The fruit of both rootstock types is bumpy. In older lemon or other citrus trees of declining vigor, it often happens that a sucker from the rootstock grows into a vigorous trunk of its own with fruit-bearing branches.
You will have to cut this unwanted growth back to the original trunk before you can hope to see normal lemons which, as long as some of the original scion remains, will now have the ability to develop, absent competition from rootstock growth. Heavy rain has no doubt given a push to the wayward growth of your tree but calcium, while its lack causes peel lesions in apples, for example, is not a factor in growth of bumpy citrus peels.

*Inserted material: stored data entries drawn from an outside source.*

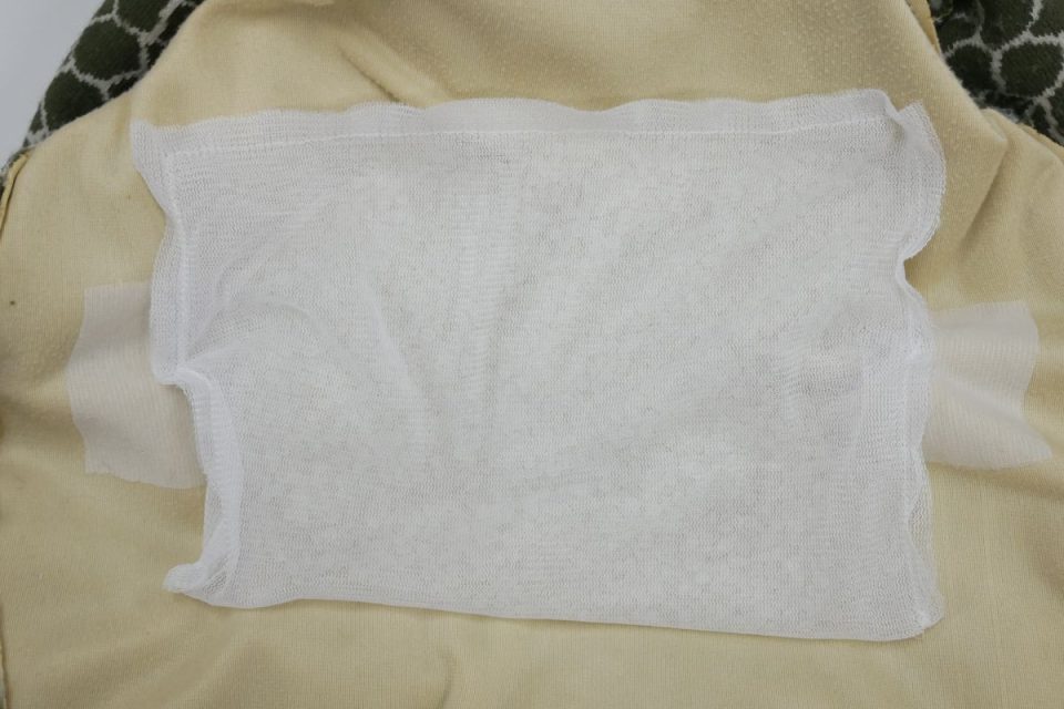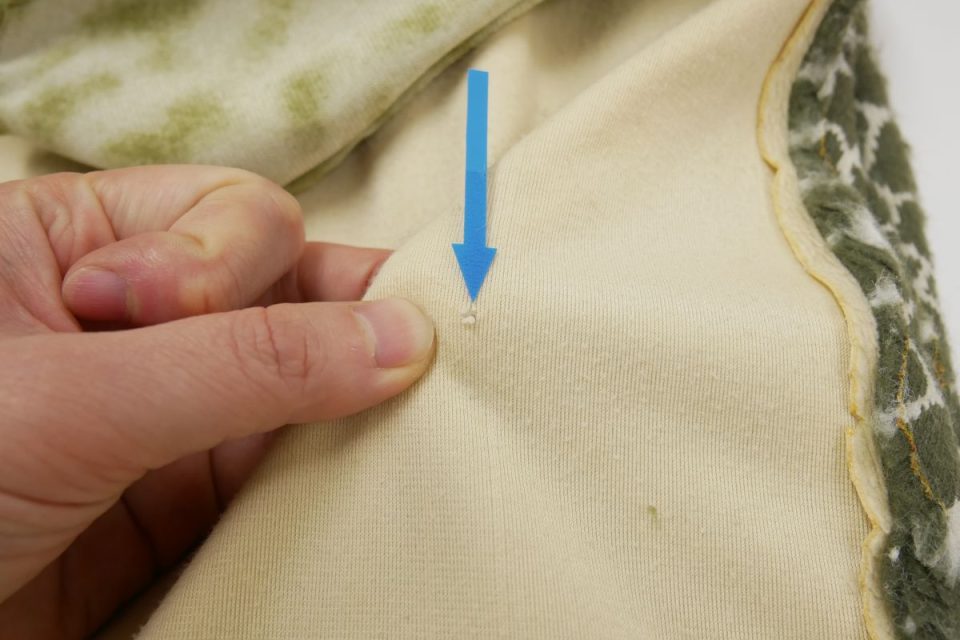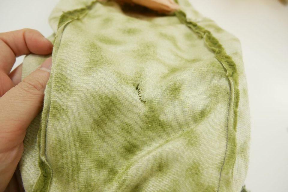 接着芯補強とは裏側から薄い芯をお貼りし、生地を補強する治療になります。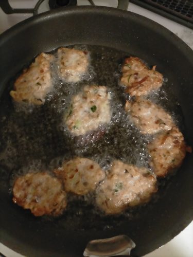 後はひと口サイズのハンバーグにして揚げるだけ。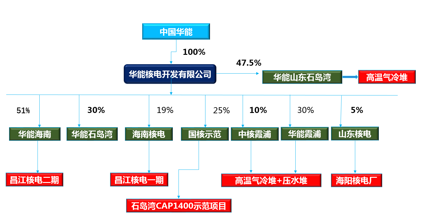 中國華能是繼國家電投之后第2家獲得核電資質的發電集團,為我國第4家擁有核電牌照的央企。中國華能集團旗下華能核電開發有限公司(簡稱“華能核電”)控有華能海南昌江核電有限公司51%股權,對昌江核電二期工程擁有控股權。同時,華能核電還控有華能山東石島灣核電有限公司(簡稱“華能山東石島灣”)47.5%股權,系石島灣高溫氣冷堆示范工程的控股方。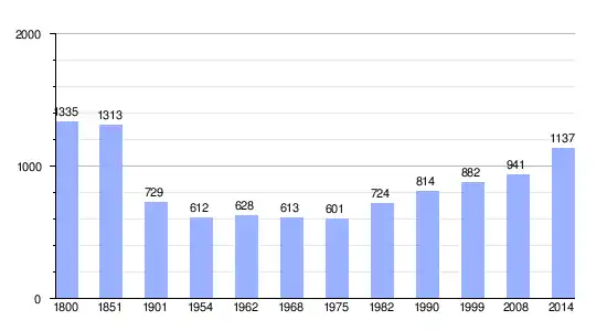 Gráfica de evolución demográfica de Moulins-en-Bessin entre 1800 y 2014 |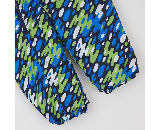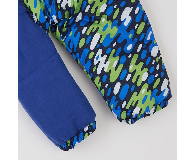 Демісезонний дитячий комбінезон від українського виробника "Ляля". Комбінезон з каптуром з вологовідштовхувальної плащовки з просоченням, підкладка з теплого та приємного на дотик флісу, утеплювач синтепух (щільністю 150г/кв.м) , який добре зберігає форму та об'єм, навіть після багаторазового стиснення. Застібка асиметрична, на якісній блискавці, низ ніжок та рукавів на еластичній тасьмі. Для полегшення надягання на дитину виворіт рукавів з гладкої тканини підкладки. Зпереду і ззаду комбінезон оздоблений світловідбивними елементами.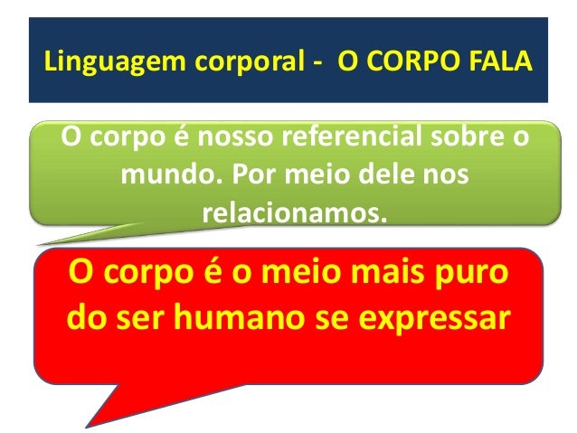 13. 13. Linguagem corporal - O CORPO FALA O corpo é nosso referencial sobre o mundo. Por meio dele nos relacionamos. O corpo é o meio mais puro do ser humano se expressar
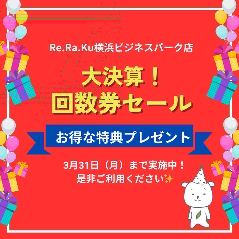 みなさんこんにちは!Re.Ra.Ku 横浜ビジネスパーク店です!あっという間に10月を迎え、2025年も3ヶ月を切りましたね。。月日が経つ速さが年々スピードアップしているように感じます><みなさまお元気ですか? 秋は気圧や天候の変化で心や身体のバランスが乱れやすい季節です。残りの2025年も楽しく過ごせますよう、キャンペーンをご用意いしました♪ 秋のゆったりケア♪選べる2つのコースに+10分プレゼント! 【特典内容】下記2種類の当店大人気の「お疲れ特化コース」に+10分(1,320円相当)をプレゼント☆◆120分コース⇒130分へ♪◆150分コース⇒160分へ♪ ?「お疲れ特化コース」とは?「今」のお疲れに合わせて、様々なメニューからカスタマイズできるコースです!なかでも今回お選び頂ける2つのコースは、なんと当店の全てのメニューが対象なので、「気になるお疲れに狙い撃ち」でも「くまなく全身スッキリプラン」でもOK!お時間配分や入れたいメニューなどは担当スタッフとお気軽にご相談下さい^^ 120分…15,620円(税込)150分…18,920円(税込) ぜひゆったりした特別な時間で、秋を健やかに過ごしていきましょう♪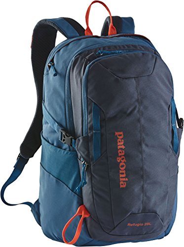 -. Brand : Patagonia -. Color : Smolder Blue w/ Glass Blue -. EAN : 0889833037960 -. Feature : Offers body made of a strong, lightweight recycled polyester with a water-repellent finish / Features air Flow-mesh shoulder straps and back panel adjustable sternum strap / Compression straps help secure load / Offers you three main compartments for maximum organization. / Features added laptop pocket is raised off the ground to protect most 15 laptops -. IsAdultProduct : 0 -. IsAutographed : 0 -. IsMemorabilia : 0 -. Label : Patagonia -. Manufacturer : Patagonia -. MPN : 889833037960 -. PackageQuantity : 1 -. PartNumber : 889833037960 -. ProductGroup : Sports -. ProductTypeName : OUTDOOR_RECREATION_PRODUCT -. Publisher : Patagonia -. Studio : Patagonia -. Title : Patagonia Refugio 28L Backpack (Smolder Blue) -. UPC : 889833037960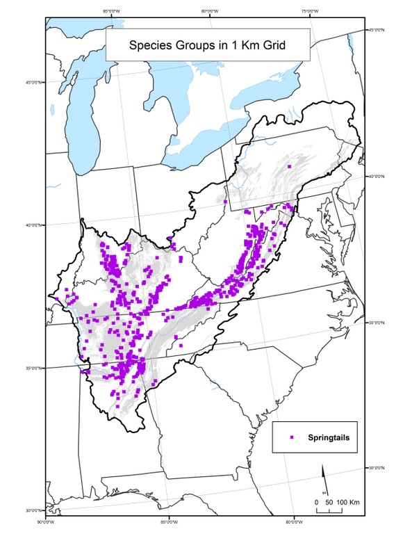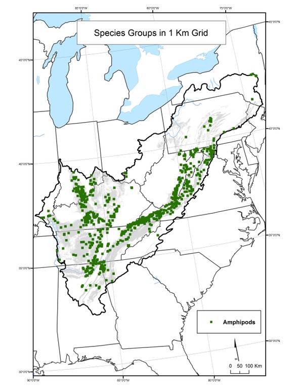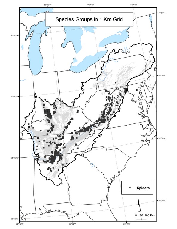Since there were too many species (710) or even genera (131) to analyze within the scope of this project, a functional ecological approach was utilized. The ranges of nine ecological groups were analyzed, including; predaceous ground beetles, millipedes, pseudoscorpions, springtails, spiders, amphipods, isopods (Asellidae), crayfish, and fish. Collectively, they are the best studied and most abundant stygobionts and troglobionts. Species within each group have very similar ecological roles, so interesting generalities should emerge about the conditions under which they are found. The number of species in each group ranges from 164 (beetles) to four (fish).
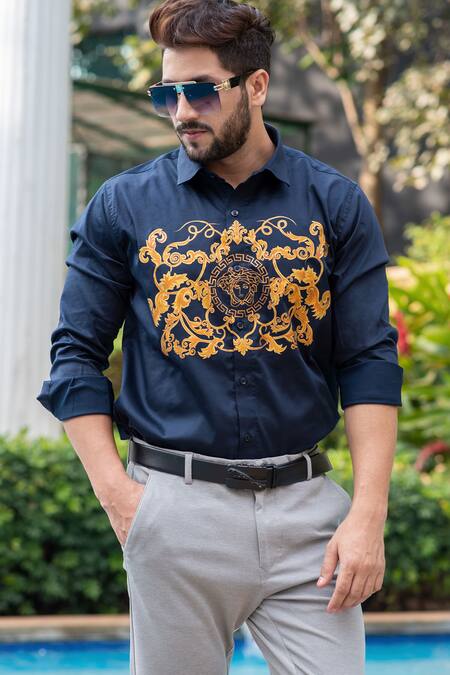 Blue Cotton Blend Hand Painted Alexander Shirt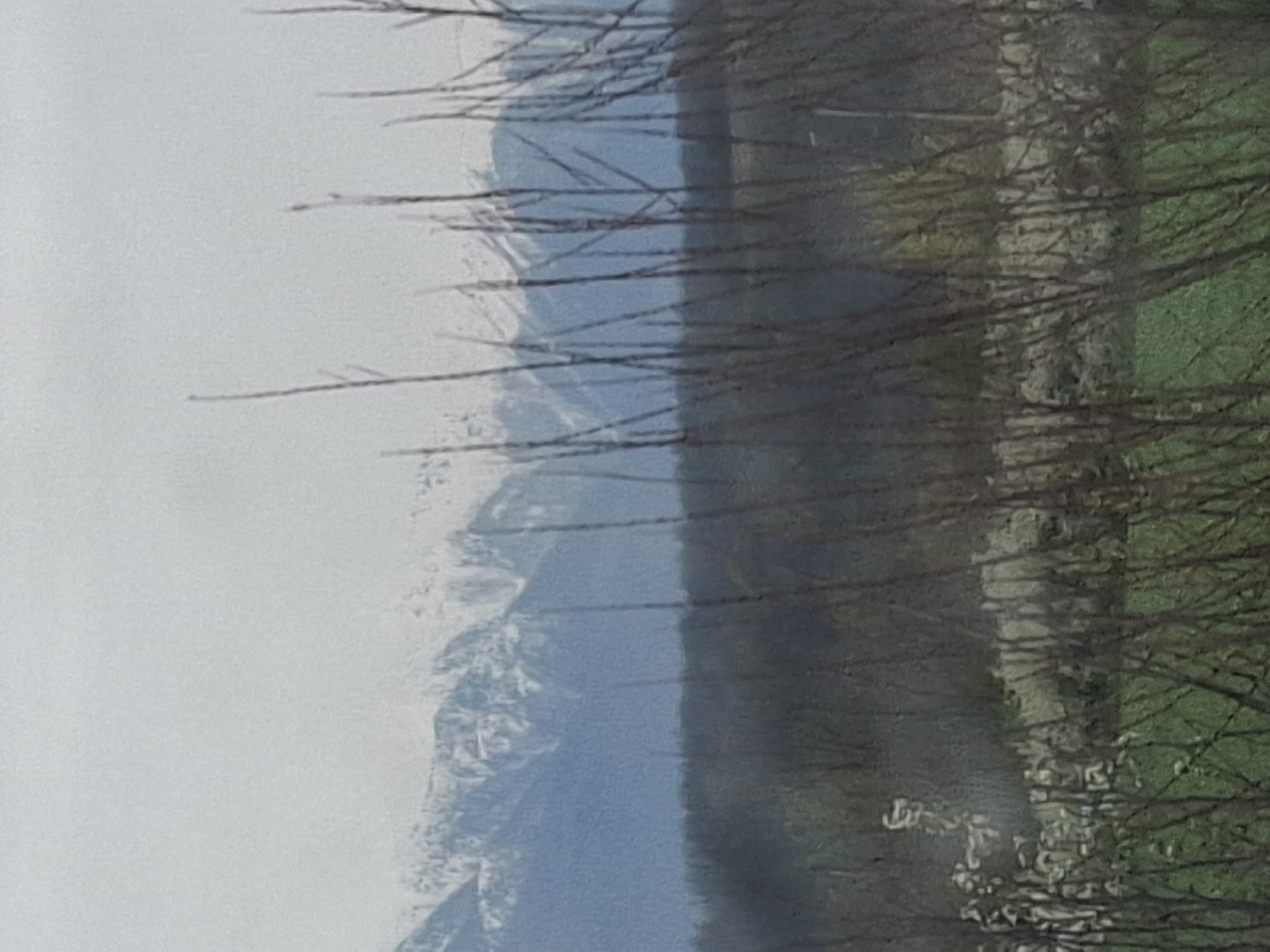 landscape in Borovtsi, Bulgaria, likely taken from an elevated position. In the background, snow-capped mountains are visible under a cloudy sky. A body of water (possibly a lake or river) extends from the mountains towards the midground. Foreground details include green vegetation on the right and bare branches of trees framing the view, creating a sense of depth.

Q. My orange tree fruit is so bitter it is inedible. I am close to cutting down the tree. Is there any way to make the tree produce edible oranges?
– Bill Rice,
A. There are two possible explanations for your bitter oranges. If the tree produced sweet oranges at one time, then your rootstock (see above) has taken over the tree and the fruit produced comes from it. Alternatively, if the oranges have always been bitter, you have a seedling or ungrafted tree. If you take a seed from a supermarket orange and plant it, the fruit from the resulting tree is likely to be bitter.
Tip of the week
Paul Weinberger’s large clumps of coral bells (Heuchera species) are several years old. This is highly unusual since coral bells seldom survive more than two years in the garden. Most coral bells die from soil that is too moist and leads to root rot. The health of Weinberger’s plants may be attributed to his sloping terrain, topography that ensures excellent drainage and dry roots.